O fato interessante: o parasita de uma só célula Toxoplasma gondii é capaz de manipular com sutileza a mente de criaturas bem mais complexas que ele. Para ser mais preciso, o microrganismo consegue fazer com que ratos e camundongos percam um dos medos mais profundos dos roedores, o temor de gatos.
Há tempos os cientistas suspeitavam que o micróbio, causador da toxoplasmose, fosse capaz dessa proeza. Outros trabalhos com roedores sugeriam que os bichinhos ficavam estranhamente destemidos quando eram contaminados pelo T. gondii. Agora, porém, a equipe capitaneada por Ajai Vyas, da Universidade Stanford (Califórnia, EUA), mostrou que esse efeito é específico. Ou seja: o microrganismo não mexe simplesmente com a capacidade dos hospedeiros de sentir medo, mas sim única e exclusivamente com o medo de felinos.

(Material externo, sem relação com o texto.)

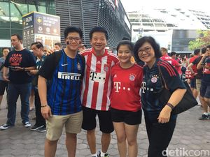 Tak cuma fans Inter Milan, Bayern Munich, dan Chelsea yang meramaikan National Stadium, Singapura. Ada juga yang datang sekadar untuk kumpul keluarga.
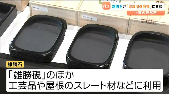宮城県石巻市の雄勝町から産出される上質の天然石「雄勝石」が、特許庁の「地域団体商標」に登録され、22日地元の住民らに報告されました。
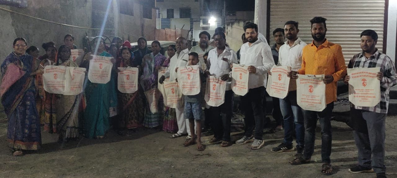 प्रभाग क्रमांक ४ मध्ये नगरसेवक योगीराज गाडे यांच्या पुढाकारातून व स्थानिक विकास निधीतून फकीरवाडा व गौरव नगर येथे कापडी पिशव्यांचे वाटप करण्यात आले. टप्प्याटप्प्याने संपूर्ण प्रभागात या कापडी पिशव्या वाटण्यात येणार आहे प्लास्टिक पिशव्यांच्या वापरामुळे पर्यावरणावर विपरीत परिणाम होत आहे सरकारने प्लास्टिक पिशव्यांवर बंदी घालू नही अनेक ठिकाणी प्लास्टिक पिशव्यांचा मोठ्या प्रमाणात वापर होत आहे. हे थांबविण्यासाठी लोकप्रतिनिधी या नात्याने एक पाऊल आपण पुढे टाकत असून प्रभागातील प्रत्येक घरात कापडी पिशवी आमचे सहकारी नेऊन देत आहे .असे नगरसेवक योगीराज गाडे यांनी यावेळी सांगितले.प्रभाग क्रमांक ४ मध्ये नगरसेवक योगीराज गाडे यांच्या पुढाकारातून व स्थानिक विकास निधीतून फकीरवाडा व गौरव नगर येथे कापडी पिशव्यांचे वाटप करण्यात आले . टप्प्याटप्प्याने संपूर्ण प्रभागात या कापडी पिशव्या वाटण्यात येणार आहे प्लास्टिक पिशव्यांच्या वापरामुळे पर्यावरणावर विपरीत परिणाम होत आहे सरकारने प्लास्टिक पिशव्यांवर बंदी घालू नही अनेक ठिकाणी प्लास्टिक पिशव्यांचा मोठ्या प्रमाणात वापर होत आहे. हे थांबविण्यासाठी लोकप्रतिनिधी या नात्याने एक पाऊल आपण पुढे टाकत असून प्रभागातील प्रत्येक घरात कापडी पिशवी आमचे सहकारी नेऊन देत आहे, असे नगरसेवक योगीराज गाडे यांनी यावेळी सांगितले.
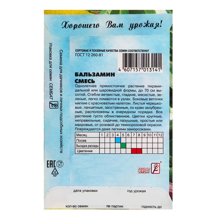 Производитель: Сембат; Габариты: 7,5 x 11,5 x 0,1; Страна: Россия; В боксе: 100 шт; Состав: Семена; Материалы: семена; Фасовка: по 10 шт; Индивидуальная упаковка: Без упаковки; Сертификат: Не подлежит сертификации; Цвет: Розовый; Высота, см: 70; Агрономический срок годности, лет: 3; Вегетация: Однолетники; Вид: Бальзамин; Цветение период: Август, Сентябрь; Упаковка: Цветная; Особенности выращивания: Открытый грунт; Подходит для балкона: Нет; Сухоцвет: Нет; Махровые: Нет; По форме куста: Кустовая, Ампельная; Назначение: Для создания цветников, клумбы; Отношение к свету: Рассеянный свет; Разновидность: Цветущее; Нуждаются ли в стратификации: Нет
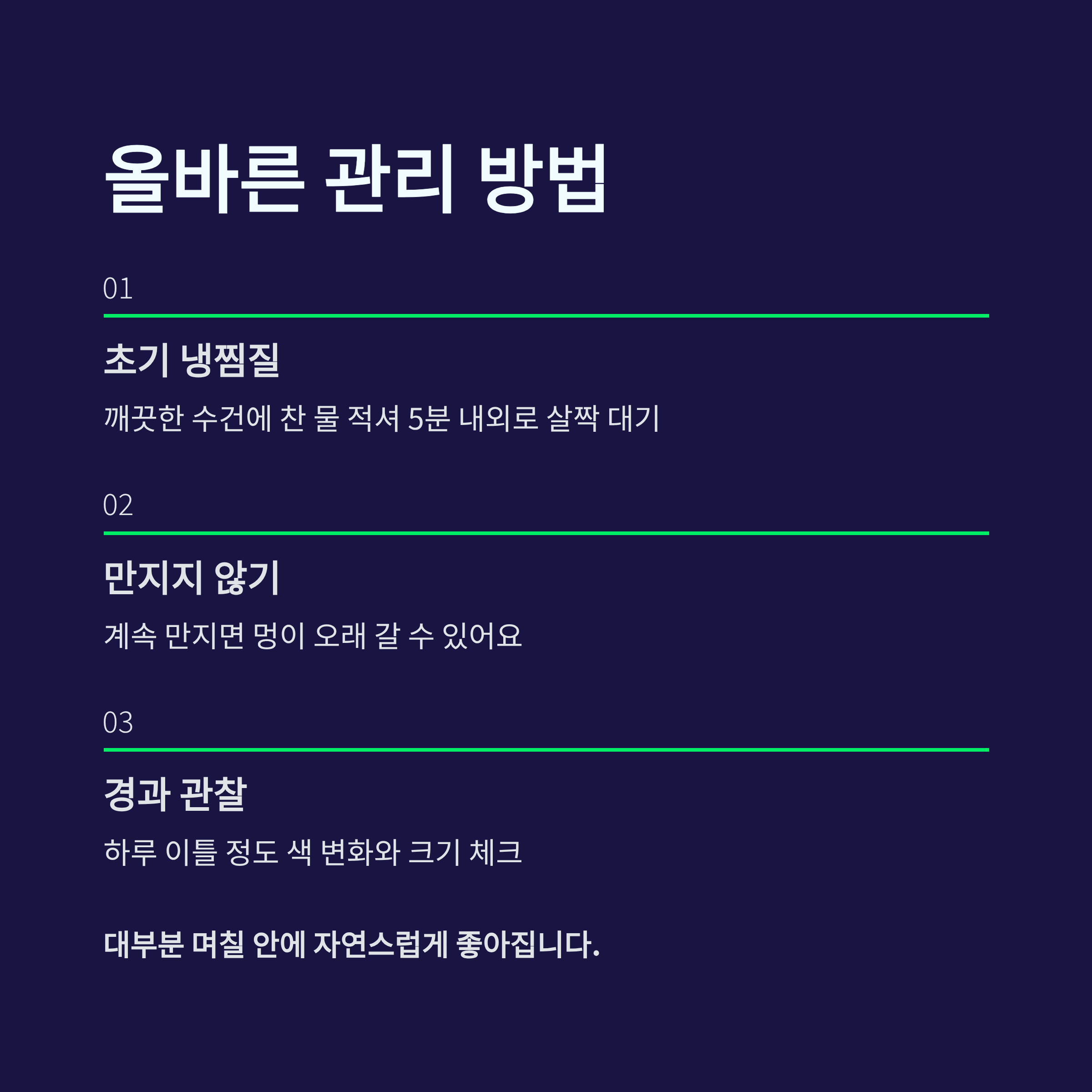 ✔ 초기엔 냉찜질, 이후 경과 관찰
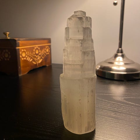 Selenitt krystall i tårnform, hvit farge, naturlig mineral. Kan brukes til dekorasjon eller i krystall- og energiarbeid.

Produzir roedores que encarem qualquer bichano faz todo o sentido para o causador da toxoplasmose. O micróbio tem um ciclo de vida complicado, durante o qual ele pode passar pelo organismo de diversos mamíferos, inclusive o homem. No entanto, ele desenvolveu uma relação especial com os felinos ao longo da evolução: só consegue se reproduzir de forma sexuada no intestino deles.
Quando os bichanos defecam, suas fezes podem espalhar o T. gondii para outros animais. Mas o objetivo e a obsessão da criatura (se é que se pode usar a frase a respeito de algo que não tem cérebro) é sempre voltar para as tripas de algum gato. Assim, é do interesse do microrganismo que seu hospedeiro temporário (um rato ou camundongo, por exemplo) não tenha medo de gatos, para que possa ser devorado com mais facilidade por algum felino.
Destemor específico
Vyas e seus colegas mostram com riqueza de detalhes que é exatamente isso que está acontecendo. Eles infectaram alguns ratos e camundongos (sim, são espécies diferentes de roedor) com o parasita, enquanto grupos de tamanho igual foram mantidos sãos.
O causador da toxoplasmose é um micróbio relativamente benigno, normalmente se alojando em cistos inofensivos no corpo do hospedeiro. E, conforme eles esperavam, a infecção não teve efeitos significativos sobre a saúde dos animais.
Depois, eles expuseram os bichos à urina de gato e, para comparação, à urina de coelho. Conforme o esperado, roedores normais não suportavam o cheiro do líquido, enquanto os infectados chegavam a se mostrar atraídos pelo xixi felino.
Mas isso ainda não provava que o destemor era específico, e não geral. Os pesquisadores usaram choques elétricos em ambos os grupos - jeito padrão de induzir medo em animais de laboratório - e verificaram que os ratos infectados eram tão capazes de sentir medo "genérico" quanto os demais. A capacidade de aprender dos bichos com T. gondii aparentemente também não foi afetada.
Como fecho do trabalho, os pesquisadores sacrificaram os roedores e examinaram o cérebro dos infectados.
Descobriram que o parasita se encontra em cistos por todo o órgão, mas sua concentração é cerca de duas vezes maior que a média na amígdala (não confundir com a da garganta), uma estrutura em forma de amêndoa que está associada ao aprendizado emocional em mamíferos. É provável, portanto, que o microrganismo consiga manipular os roedores agindo sobre essa região cerebral, embora o mecanismo exato desse processo ainda seja um mistério.
O estudo está na edição desta semana da prestigiosa revista científica "PNAS", dos Estados Unidos.